- **TASK TO COMPLETE**
The reply should hold only the lines below beginning at the one with "In connection with" and ending at the one with "TRAVEL WALLET OFW 04", copied exactly, with every picture left out.
THE INPUT Block Start
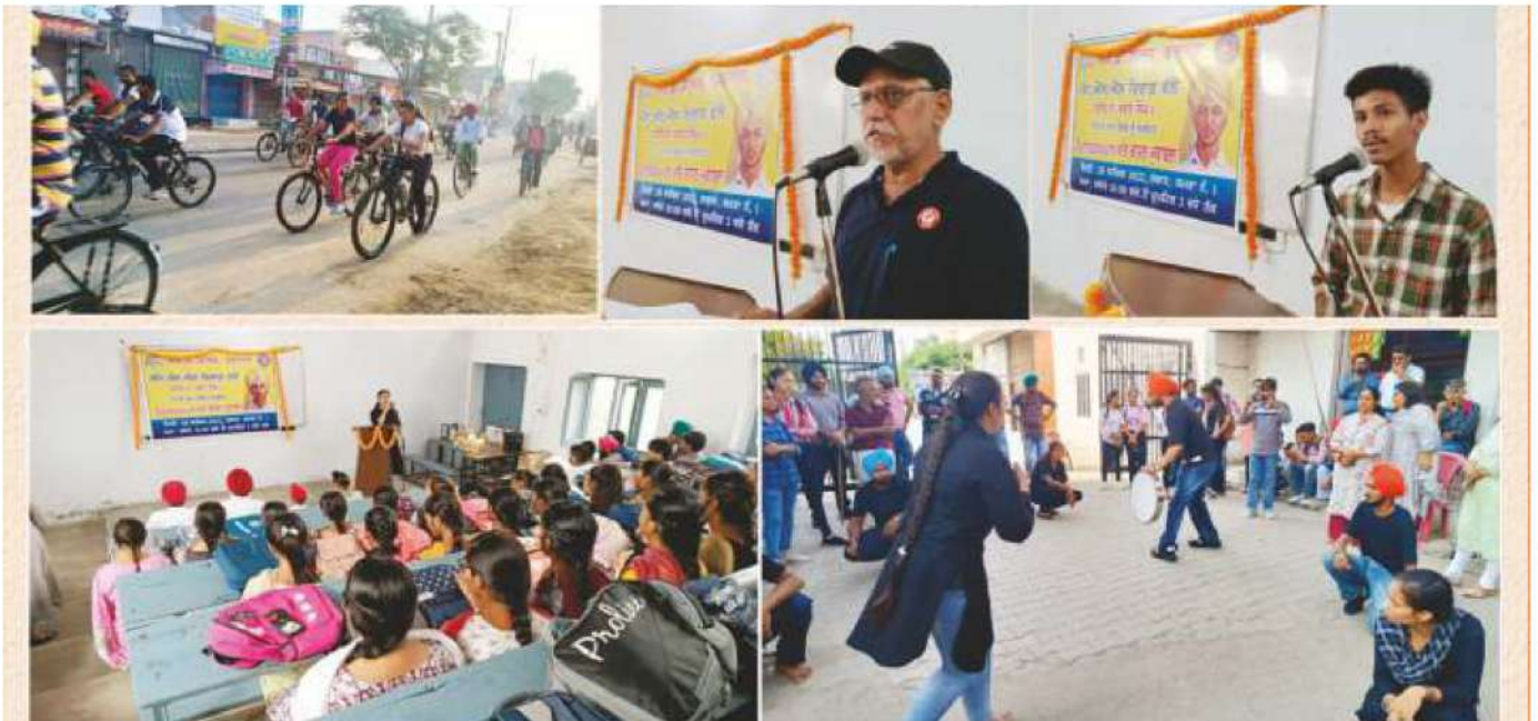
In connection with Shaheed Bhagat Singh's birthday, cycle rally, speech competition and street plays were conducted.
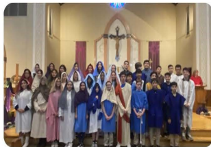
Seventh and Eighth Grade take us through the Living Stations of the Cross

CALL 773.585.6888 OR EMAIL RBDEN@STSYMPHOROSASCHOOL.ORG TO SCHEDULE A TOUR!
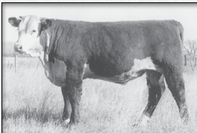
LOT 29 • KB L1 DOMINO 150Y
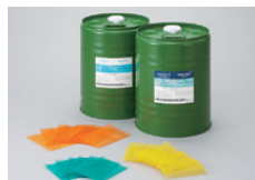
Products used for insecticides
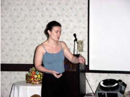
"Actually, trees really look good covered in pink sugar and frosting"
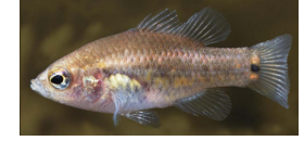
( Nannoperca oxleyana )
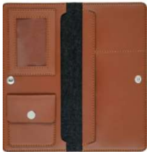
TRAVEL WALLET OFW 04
THE INPUT Block End
THE INPUT Block Start
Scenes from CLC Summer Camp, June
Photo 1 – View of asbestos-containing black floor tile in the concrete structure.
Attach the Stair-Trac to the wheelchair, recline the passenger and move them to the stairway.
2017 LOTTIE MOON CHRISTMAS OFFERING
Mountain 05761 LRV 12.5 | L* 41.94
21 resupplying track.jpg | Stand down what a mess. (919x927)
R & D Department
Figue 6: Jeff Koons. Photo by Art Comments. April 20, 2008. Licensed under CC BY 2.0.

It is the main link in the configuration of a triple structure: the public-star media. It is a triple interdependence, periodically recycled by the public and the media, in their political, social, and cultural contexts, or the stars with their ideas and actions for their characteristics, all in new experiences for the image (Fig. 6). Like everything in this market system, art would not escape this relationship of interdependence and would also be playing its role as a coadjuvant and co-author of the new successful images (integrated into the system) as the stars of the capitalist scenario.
THE INPUT Block End
- **WRITTEN REPLY**
In connection with Shaheed Bhagat Singh's birthday, cycle rally, speech competition and street plays were conducted.
Seventh and Eighth Grade take us through the Living Stations of the Cross

CALL 773.585.6888 OR EMAIL RBDEN@STSYMPHOROSASCHOOL.ORG TO SCHEDULE A TOUR!
LOT 29 • KB L1 DOMINO 150Y
Products used for insecticides
"Actually, trees really look good covered in pink sugar and frosting"
( Nannoperca oxleyana )
TRAVEL WALLET OFW 04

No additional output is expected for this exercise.